The gap between "my agent works on my laptop" and "my agent passes a Fortune 500 security review" is mostly the work outlined above. If you are about to ship MCP for your platform, here are your immediate action items:

1. Audit your current agent auth. If anything in production is a shared service-account API key, that is the first thing to retire.
2. Wire up Protected Resource Metadata and audience-validated JWTs. This is the table-stakes work that makes external connectors actually function.
3. Decide your DCR posture. If you want Claude Desktop users to self-connect, you need DCR or a control plane in front of your IdP.
4. Move refresh off the request path.

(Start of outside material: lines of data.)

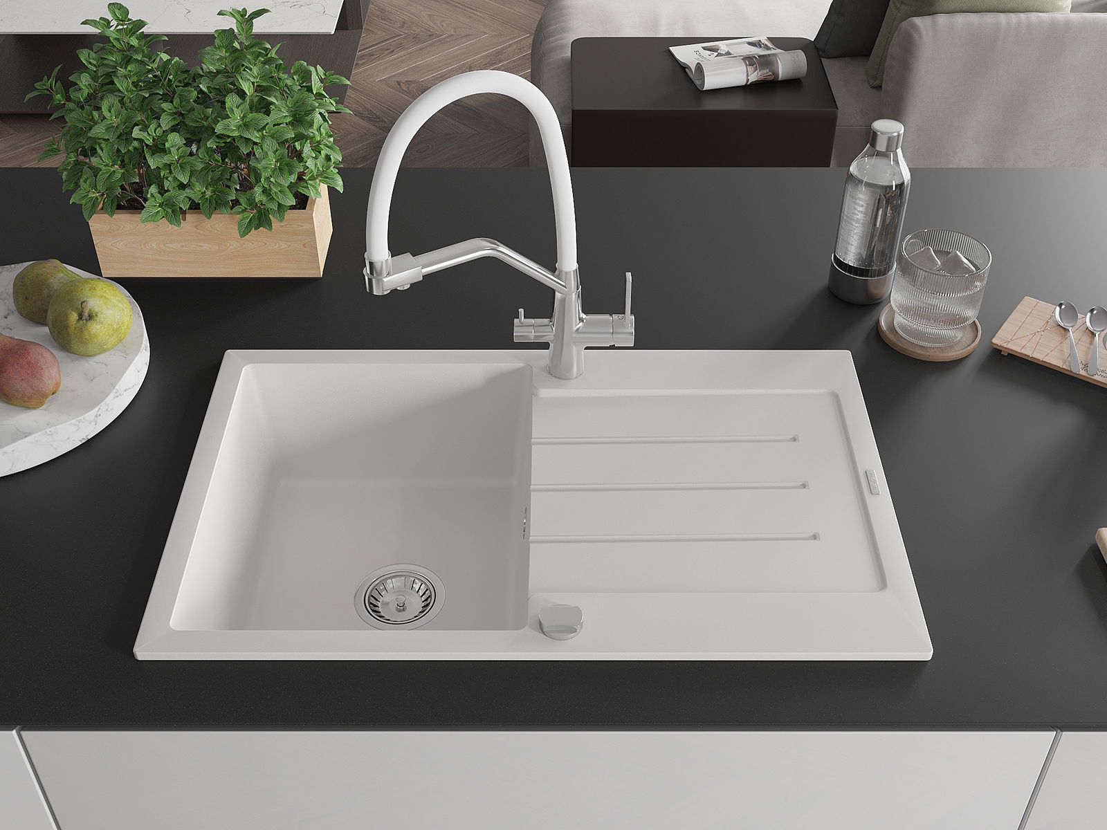 La scelta di un lavello con sgocciolatoio è una soluzione pratica che consente di riporre piatti, verdure e frutta lavati. Lo sgocciolatoio facilita la cucina quotidiana e aiuta a mantenere l'ordine in cucina.
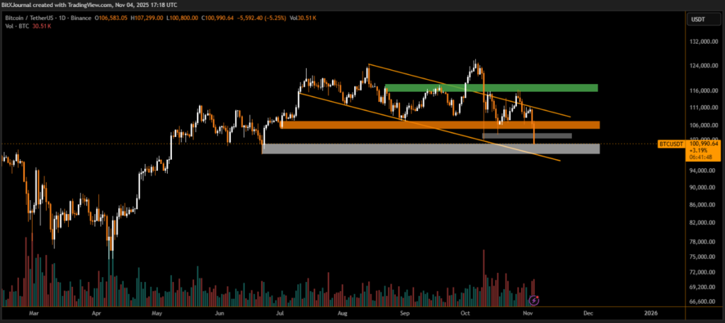 At press time, Bitcoin (BTC/USDT) traded near $100,990, down over 5% in the past 24 hours. The recent decline has pushed BTC to retest the October lows, as seen in the daily chart, where the price remains confined within a descending channel. The lower boundary around $100K now acts as the last major defense zone before the next structural support near $97,000–$98,000.
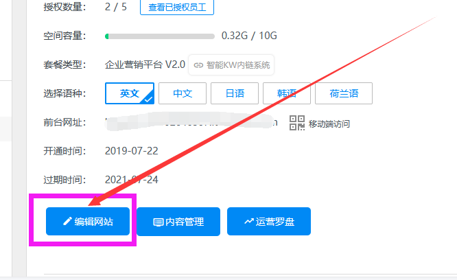 登录支点,点击编辑网站,进入支点网站后台

Proactive, mutex-protected refresh is the difference between an agent that pauses for OAuth latency mid-reasoning and one that operates smoothly.
5. Stop hardcoding tools. Derive them from schema and documentation so your AI surface evolves with your API, not behind it.
6. Implement token revocation on disconnect. Call the provider's RFC 7009 endpoint, delete stored tokens, and cancel scheduled refreshes - do not leave orphaned credentials.
7. Log the delegation chain on every call. Record user_id, agent_client_id, correlation_id, and tool_name so your audit trail links every agent action back to a human authorization.

If you are building an AI agent that needs to act on external SaaS data, you cannot rely on shared API keys and static OpenAPI specs. You need a secure, multi-tenant middleware layer that respects end-user identity. The protocol is finally stable enough to build against. The remaining decisions are yours.